Fig. 1 is a flowchart illustrating an address information processing method according to an exemplary embodiment, the method including:

S11, determining the first path of famous sentence segment and the first cell famous sentence segment in the first address character string, and determining the second path of famous sentence segment and the second cell famous sentence segment in the second address character string.

The address string may be a literal arrangement representing an address entered by the user, for example, the address string may be 20 layers of the financial technology building, science and technology road 11, south mountain region, shenzhen, guang, where the road term period is country road 11 and the cell term period is the financial technology building; for another example, the address string may be a number 01 from one unit to one unit in the garden stone bridge 28 in the Pudong new area of Shanghai, where the street term sentence section is the garden stone bridge and the cell term sentence section is the product from the other unit.

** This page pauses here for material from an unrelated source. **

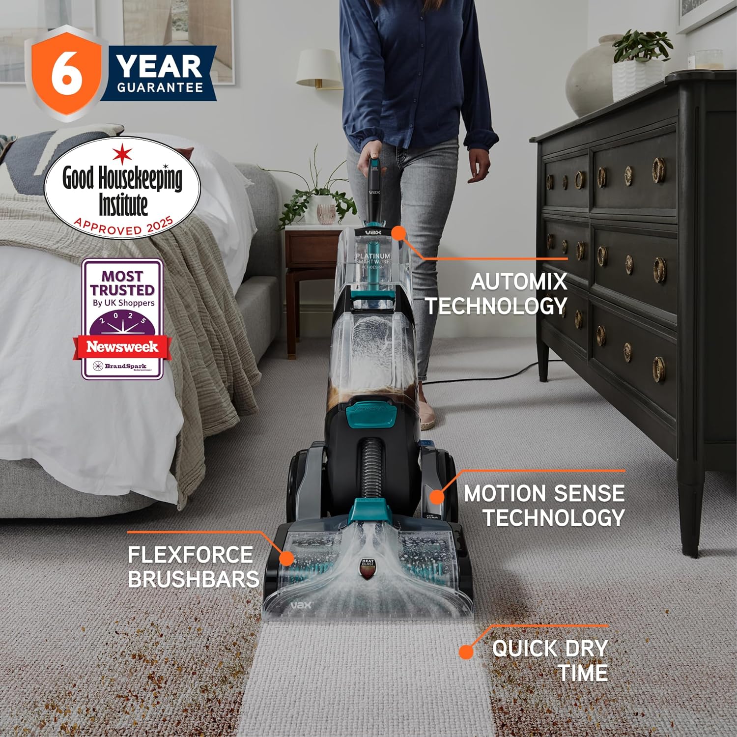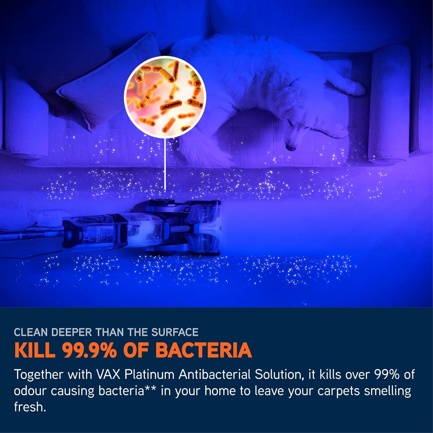 POWERFUL DEEP CLEANING AND REMOVES OVER 99 PERCENT OF BACTERIA – Advanced FlexForce Brushbars with flexible bristles penetrate deep into carpet fibres helping remove stains, dirt and grime, delivering visible results throughout your home, while the VAX Platinum Antibacterial Solution removes over 99 percent of odour causing bacteria, cleaning your carpets 7 times better than a high performance vacuum cleaner and leaving your carpets smelling fresh

When determining the road name period and the cell name period, the period filled in the road name column and the period filled in the cell column when the user inputs the address may be directly extracted, for example, when filling the address information, the following manner may be used for inputting: province-Guangdong province, city-Shenzhen city, district-southern mountain area, Luo-Keyuan road, road number-11, district-financial science and technology mansion, and concrete address-20 layers, so that the sentence segments of the 'Keyuan road' under the 'road' classification can be directly extracted from the input information as the road name sentence segments, and the sentence segments of the 'financial science and technology mansion' under the 'district' classification can be used as the district name sentence segments.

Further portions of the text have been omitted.